Adding 4,800 officers would be "a challenge for any police structure," he said. But the new recruits will be partnered with veteran officers, and bolstered by forces from the Afghan National Army, which enjoys a more professional reputation.
"Being there with uniforms on is probably one of the best deterrents," said Col. Gordon Moore of the Virgin Islands National Guard and a commander of mentors in one of Kabul’s police regions. "If you flood the city with police, the bad guys are less free to move around."
The first 640 new Kabul police recruits are now in the accelerated program, learning to shoot, make arrests, keep the peace and understand policing ethics.
At Fire Station 3 in Kabul this week, mentors simulated a suspicious vehicle stop. Recruits spread out and pointed their rifles at the pickup, while others pulled the driver and passengers from the truck. Inside, they found a bomb, and everyone backed up.
It was a simple drill, but drove home how close to the front lines these city-based police officers often find themselves.
"It works. You can see it," said 1st Lt. Bryan Addington of the 33rd Infantry Brigade Combat Team out of Illinois.
Part of the rush up to the elections stems from the fact that the mentoring teams, which also include servicemembers from other branches and countries, have themselves been short-staffed. As a result, Task Force Phoenix focused in recent years on mentoring the Afghan National Army, which already had a basic structure in place and was directly battling the Taliban and other insurgents.
Efforts to build up Afghanistan’s less developed national police were placed on a back burner and are only now coming to fruition. So, in addition to needing more police on the streets, more mentors were needed to help give them the tools they require to be effective.

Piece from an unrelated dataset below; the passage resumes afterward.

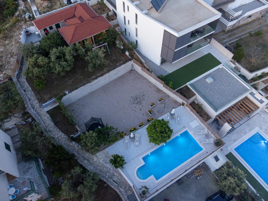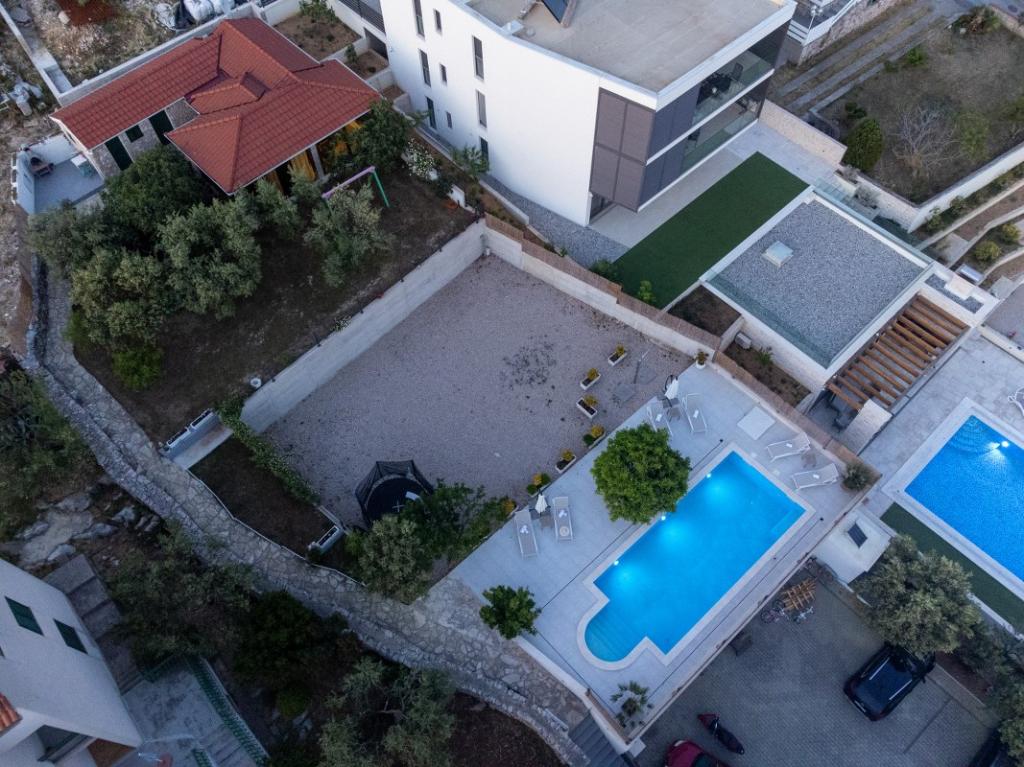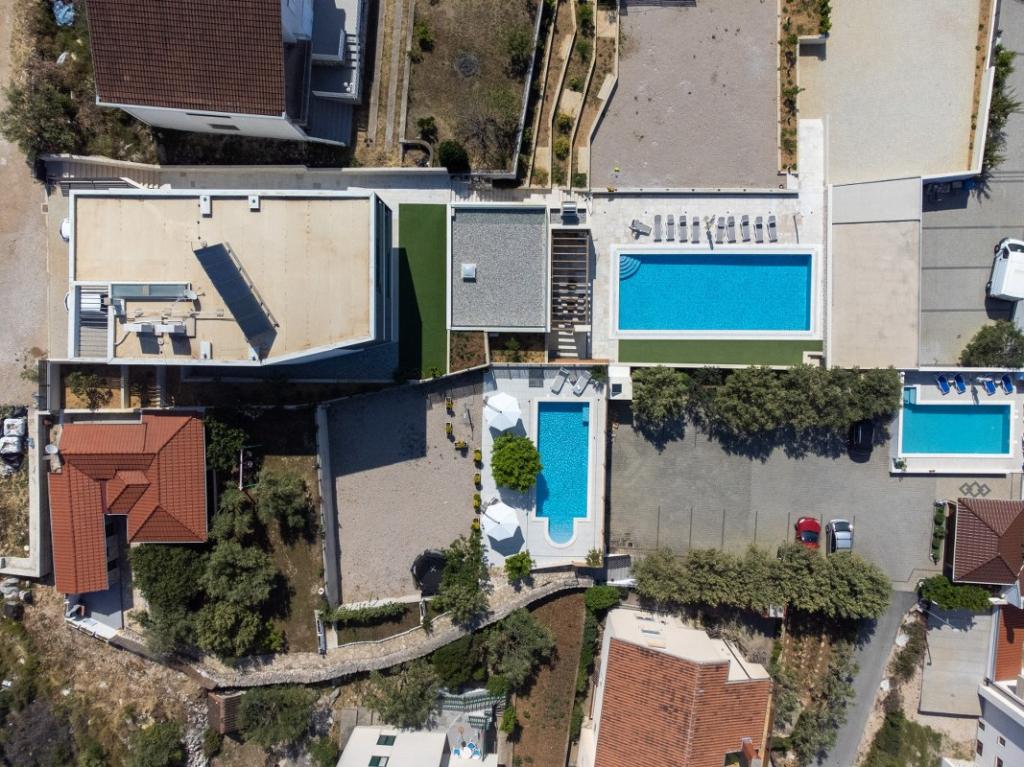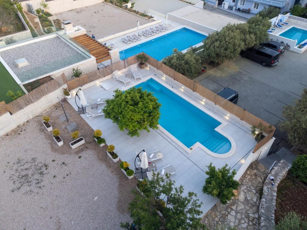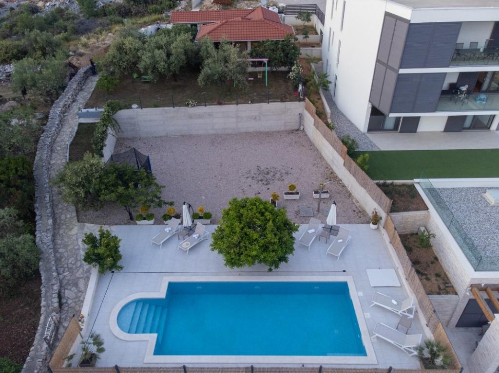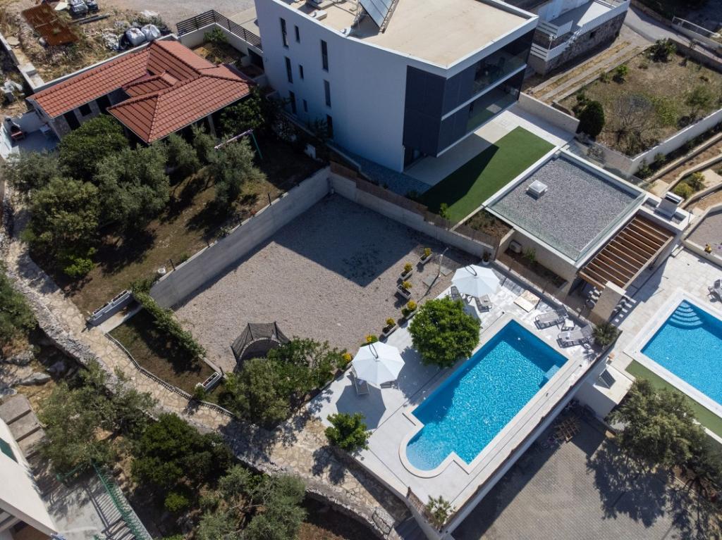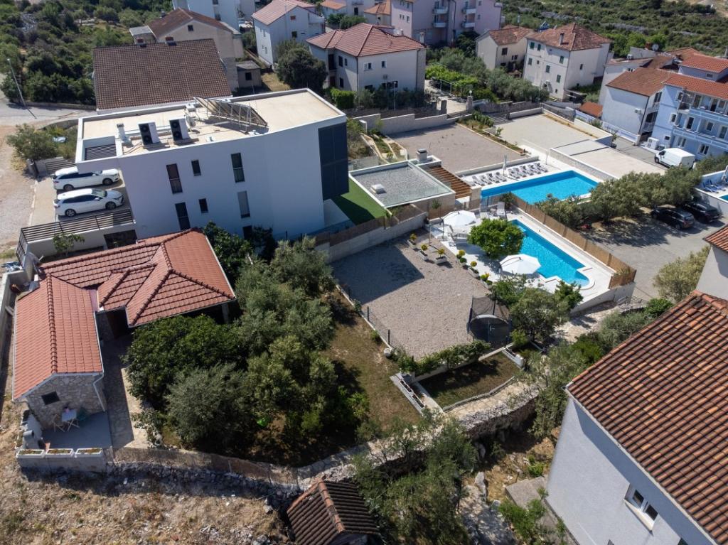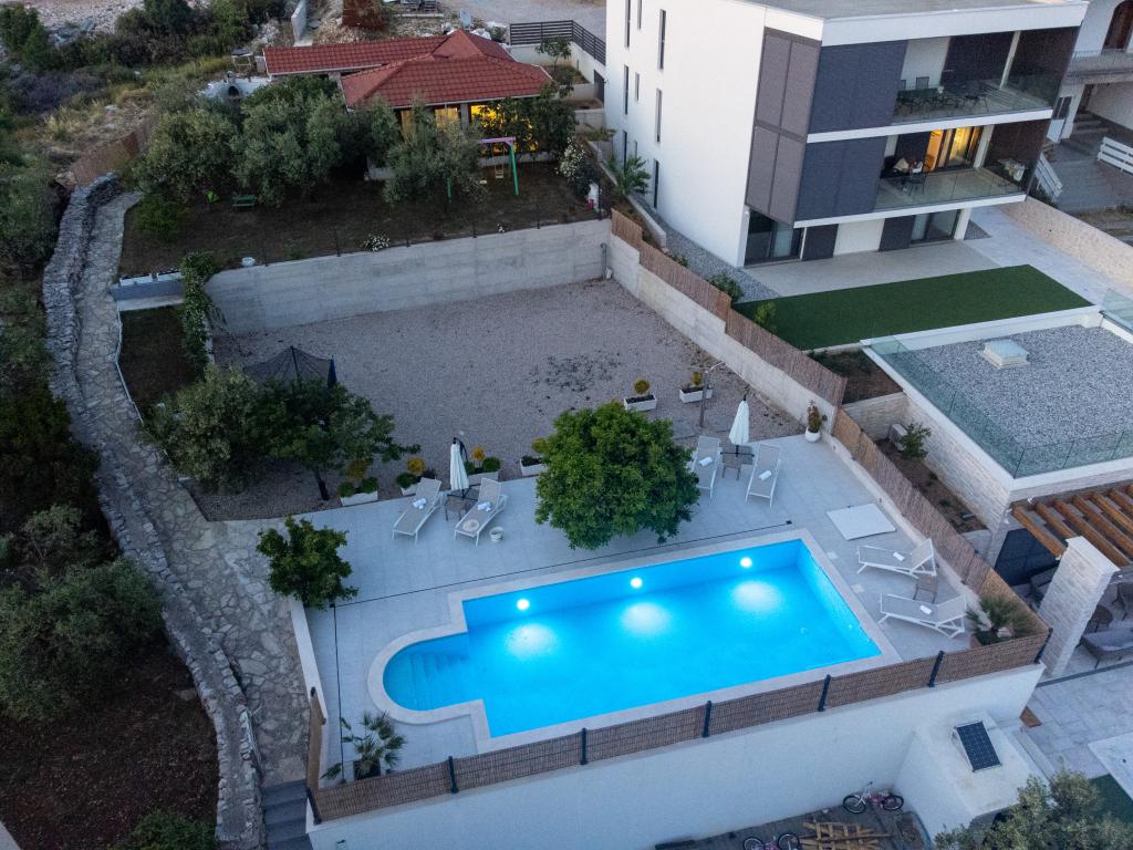 Sun gardens je okouzlující dům k pronájmu, který se nachází na předměstí Šibeniku v Podsolarsku, jen 1 km od oblíbeného parku Amadria. Tento dům ukrytý mezi olivovníky má 2 ložnice, koupelnu, velkou zahradu a hřiště pro děti a velkou jídelnu a kuchyň, umístěné v prosklené části, jsou ideální pro večerní posezení. Největším plusem je velký soukromý bazén a prostor na opalování pro chvíle odpočinku.

That is also changing. Recently, plans were announced to double the size of Task Force Phoenix by sending a brigade of 4,000 soldiers from the 82nd Airborne to bolster the mentoring team.
As Georgia’s 48th Infantry Brigade Combat Team replaces the 33rd National Guard Infantry Brigade Combat Team out of Illinois through September, a second brigade will also be arriving to ease the load.
It will allow the guardsmen to consolidate their mentoring efforts in the north and east, while the active duty soldiers of the 82nd will mentor police and army in the country’s south and west.
Addington was so encouraged by these new numbers that the guardsman out of Carbondale, Ill., will not leave with the 33rd Brigade. Instead, he extended for another year to see the results when the mentoring team is fully staffed.
"I was a team leader in charge of 10 police districts," Addington said. "With the new plan, most teams will be in charge of two police districts. I extended to see how it works when you have the number of people you need and you can really mentor people."